• [Exercise]: Write out an exact copy of the line containing "MORSURE DE SCORPION" and all lines that follow it in the data below, leaving out pictures.

Start of Source information

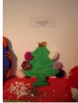
Cruz Roja Española San Fernando (Cádiz)
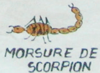
MORSURE DE SCORPION
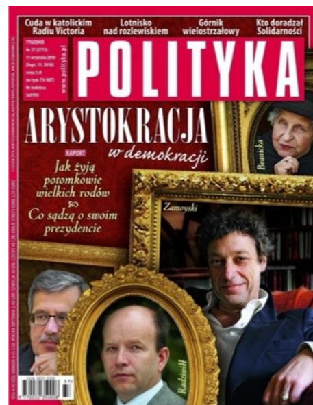
Okładka 37/2010, „Polityka” 2010, nr 37.

Wobec tych sprzężeń i niejednoznaczności warto zapytać o to, czy i jak reprezentacje arystokracji uczestniczą w procesach kształtowania się i podtrzymywania dominacji klasowych w Polsce. Wydaje się bowiem, że pozornie zawarte w nich odwołanie służy równocześnie odwróceniu uwagi od realnych kapitałów 4 i statusów przedstawianej grupy jako istotnej części współczesnej elity. Skupienie na przyrodzonych cechach przedstawicieli arystokracji i odtwarzanie historycznie zakorzenionych tradycji (również tradycji reprezentacji elit) interpretować można jako część
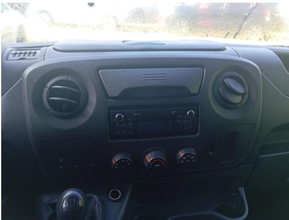
Fot. 23. Konsola środkowa

End of Source information

• [Result for this task]:
MORSURE DE SCORPION
Okładka 37/2010, „Polityka” 2010, nr 37.

Wobec tych sprzężeń i niejednoznaczności warto zapytać o to, czy i jak reprezentacje arystokracji uczestniczą w procesach kształtowania się i podtrzymywania dominacji klasowych w Polsce. Wydaje się bowiem, że pozornie zawarte w nich odwołanie służy równocześnie odwróceniu uwagi od realnych kapitałów 4 i statusów przedstawianej grupy jako istotnej części współczesnej elity. Skupienie na przyrodzonych cechach przedstawicieli arystokracji i odtwarzanie historycznie zakorzenionych tradycji (również tradycji reprezentacji elit) interpretować można jako część
Fot. 23. Konsola środkowa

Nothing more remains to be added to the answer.